WORK INSTRUCTION » Go through the listing below and write out exactly the lines from the one that mentions "-Bluză, confecționată din" through the one that mentions "The Rick Nash", minus the pictures.

PROVIDED RECORDS »

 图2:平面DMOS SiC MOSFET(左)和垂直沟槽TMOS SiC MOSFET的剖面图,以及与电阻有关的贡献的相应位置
* * *
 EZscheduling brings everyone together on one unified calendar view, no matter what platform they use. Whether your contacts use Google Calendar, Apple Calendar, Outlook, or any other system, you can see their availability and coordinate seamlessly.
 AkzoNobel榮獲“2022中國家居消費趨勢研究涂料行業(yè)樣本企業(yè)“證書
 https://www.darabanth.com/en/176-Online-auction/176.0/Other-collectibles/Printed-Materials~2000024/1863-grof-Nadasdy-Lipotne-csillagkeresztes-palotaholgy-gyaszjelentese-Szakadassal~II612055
* * *
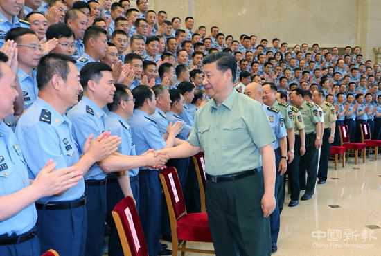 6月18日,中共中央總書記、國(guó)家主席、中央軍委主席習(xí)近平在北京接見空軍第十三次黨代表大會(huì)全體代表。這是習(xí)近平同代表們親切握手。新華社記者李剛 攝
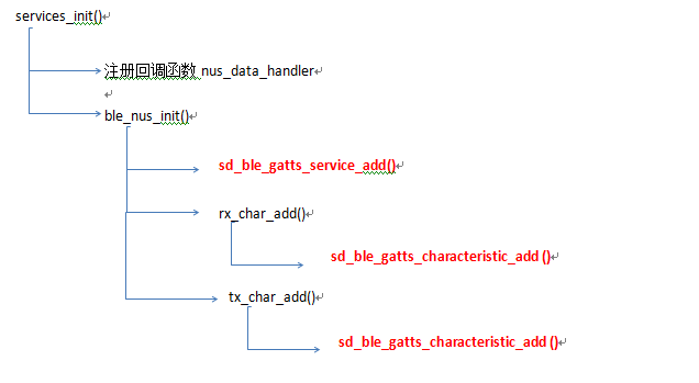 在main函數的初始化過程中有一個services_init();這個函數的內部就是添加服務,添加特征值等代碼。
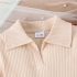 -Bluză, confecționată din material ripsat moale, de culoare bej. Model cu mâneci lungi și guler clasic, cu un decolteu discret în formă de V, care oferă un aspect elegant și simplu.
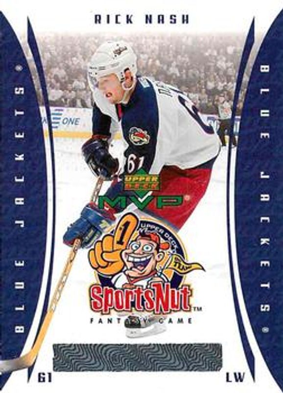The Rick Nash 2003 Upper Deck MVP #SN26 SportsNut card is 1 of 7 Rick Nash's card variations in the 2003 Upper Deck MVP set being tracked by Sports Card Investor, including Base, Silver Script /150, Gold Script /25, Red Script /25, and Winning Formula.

YOUR RESPONSE »
 -Bluză, confecționată din material ripsat moale, de culoare bej. Model cu mâneci lungi și guler clasic, cu un decolteu discret în formă de V, care oferă un aspect elegant și simplu.
The Rick Nash 2003 Upper Deck MVP #SN26 SportsNut card is 1 of 7 Rick Nash's card variations in the 2003 Upper Deck MVP set being tracked by Sports Card Investor, including Base, Silver Script /150, Gold Script /25, Red Script /25, and Winning Formula.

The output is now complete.